Olaf Scholz zmiękł. Kanclerz, który zobaczył ogrom zniszczeń zmienia front
Program na wzór planu Marshalla, który pomógłby w odbudowie Ukrainy oraz poparcie Niemiec dla przyznania Ukrainie statusu państwa kandydującego do członkostwa w UE zapowiedział Kanclerz Niemiec Olaf Scholz.

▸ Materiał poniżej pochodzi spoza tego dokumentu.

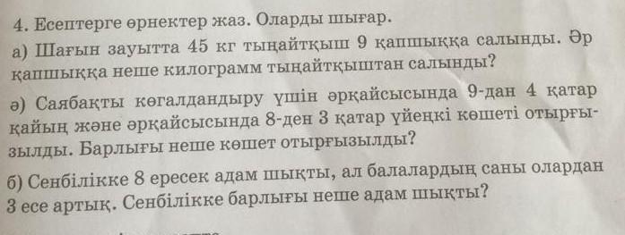 ә)саябақты көгалдандыру үшін әрқайсысында 9 дан 4 қатар дайын және арқасында 8 ден 3 қатар үйеңкі көшеті отырғызылады. Барлығы неше көшет отырғызылды?
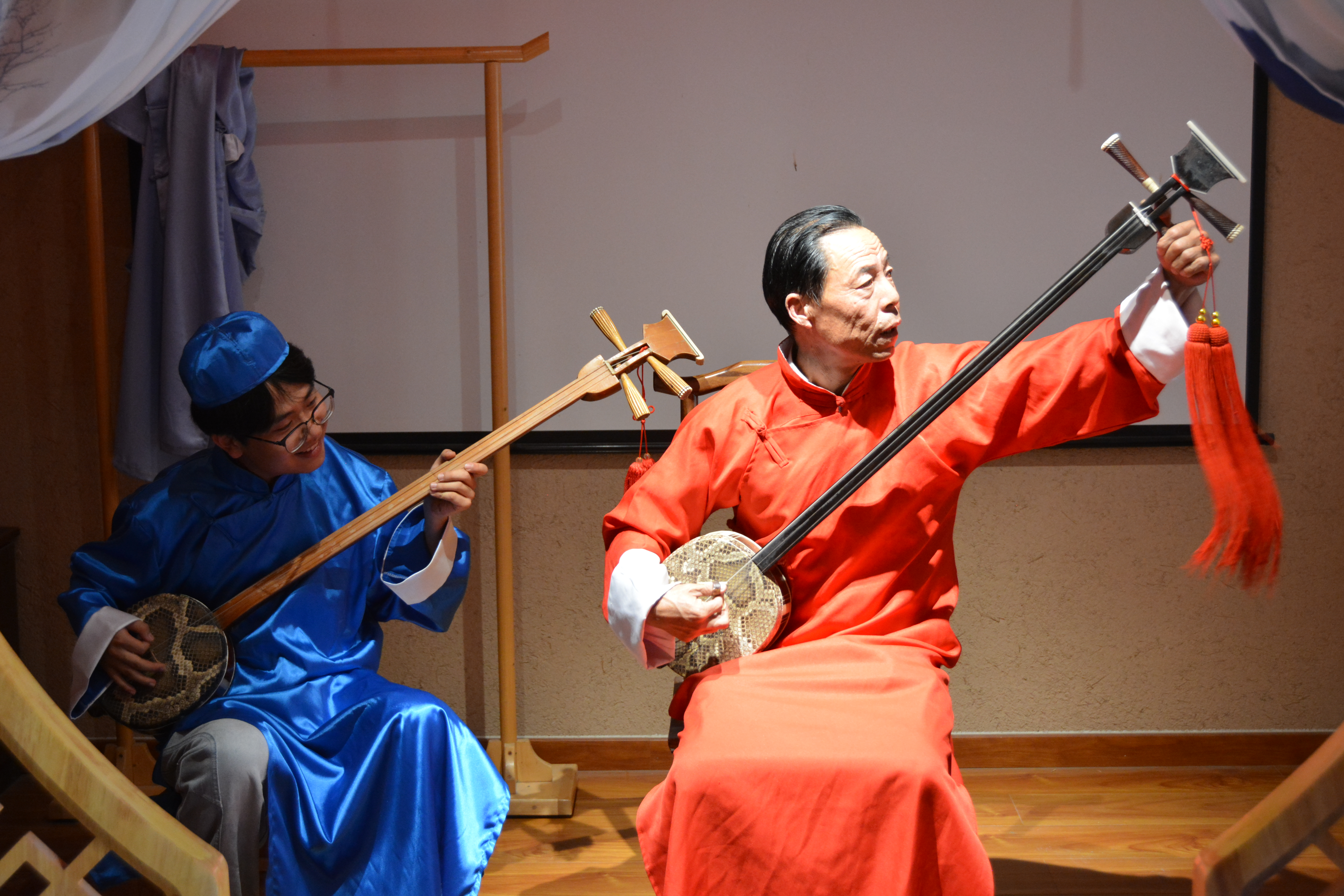 非遺民俗文化館當天化身成為一座流動的非遺課堂,實踐團成員們圍坐在古樸的庭院中,聚精會神地聆聽當?shù)刭Y深賢孝藝人董永虎老師深情演繹的經(jīng)典曲目。老藝人蒼勁而富有穿透力的嗓音,伴著三弦琴弦的顫動,將一段段蘊含忠孝節(jié)義、勸人向善的古老故事娓娓道來。那飽經(jīng)歲月洗禮的曲調(diào),仿佛穿越時空,在青磚黛瓦間回蕩,讓在場的每一位學子都深深沉浸其中,體味著這門古老說唱藝術(shù)所承載的歷史重量與人文溫度。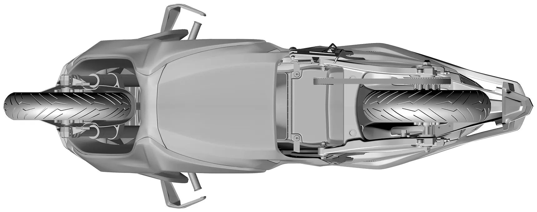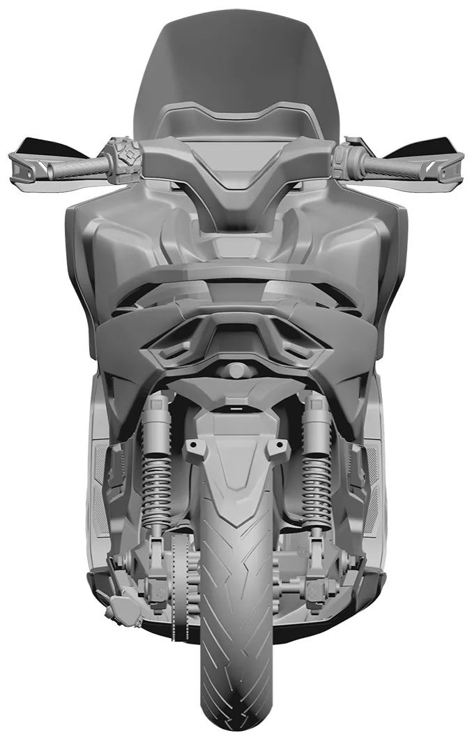 那么從申請(qǐng)的專利來看,首款摩托車是電動(dòng)踏板摩托車型,而且是大型龍骨踏板車型。

Kanclerz poinformował, że przed zbliżającym się szczytem UE zabiegał o szerokie poparcie dla oficjalnego ogłoszenia Ukrainy kandydatem do członkostwa w UE. Zapewnił, że zrobi wszystko, aby wszystkie 27 krajów członkowskich powiedziało „tak”. Szefowie państw i rządów Unii Europejskiej spotkają się w Brukseli w najbliższy czwartek i piątek.
Podczas wizyty w Kijowie Scholz porozumiał się z prezydentem Francji Emmanuelem Macronem, premierem Włoch Mario Draghim i prezydentem Rumunii Klausem Iohannisem, że zaakceptują status kandydata w przypadku Ukrainy i sąsiadującej z nią Mołdawii. Ponadto podkreślił, że UE musi dać zielone światło dla negocjacji akcesyjnych z Albanią i Macedonią Północną.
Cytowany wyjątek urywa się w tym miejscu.